For awhile now, Europe has finally been trying to get things straight with Microsoft, who has been monopolizing browser market for as long as we can remember.

The EU’s antitrust case, which kicked off last January, had been sparked by complaints filed by Opera in December 2007, when the Norwegian browser maker accused Microsoft of shielding IE from real competition by bundling it with Windows.
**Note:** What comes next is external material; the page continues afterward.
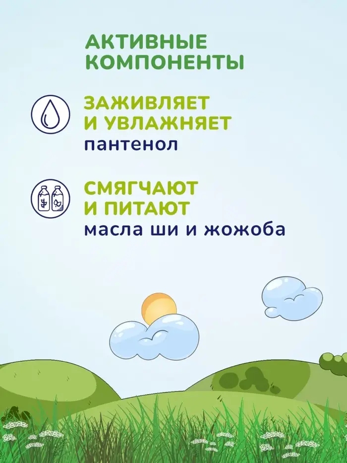 Мягкая формула на основе натуральных масел деликатно очищает и эффективно ухаживает за особо восприимчивой кожей вашего малыша с первых дней жизни! Не раздражает глазки.
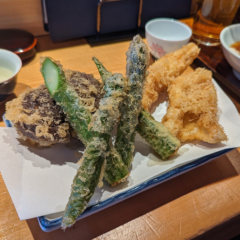 そば屋としては申し分のない天ぷらで特にアスパラが秀逸。

To level the playing field, the commission wants Microsoft to let consumers decide which browser they use.

I think it’s fair to say that operating system manufacturers including Microsoft, Linux, and others, should now include options for computer users to select their own browser.

For example, every time I get a new Windows computer or install Windows, the first thing I do is to install Mozilla Firefox and Google Chrome while dumping Internet Explorer.  That sorta gets annoying and to think others who are not computer-competent (those who don’t know how to download and install new browsers) are our stuck with Microsoft’s proprietary technology makes me mad.  And think of the additional benefits of not using vulnerable IE such as not getting worms and the chances of your computer being hacked decreasing.

Of course, this is only the case in Europe.   At best, this is not likely to happen overnight in other parts of the world including Asia and here in America. (where it really needs to happen)

I do highly like the idea of randomizing the browsers, that will make fair play for the browser market.

Hakon Wium Lie, Opera’s chief technology officer, agreed with Mozilla that randomizing the browsers on the ballot would be a better solution than Microsoft’s original idea, which was to list them alphabetically by maker, a move that would put Apple’s Safari in the preferred left-hand position. “Alphabetizing would just lead to opportunistic naming,” Lie said in early November. “We could call ourselves AAA Browser Maker and get the first spot.”

Still, too many people in the world have familiarized themselves with IE (as a result of Microsoft’s monopoly) and I don’t think it’s a fair game unless we take IE out completely for as long as they have taken out the competition.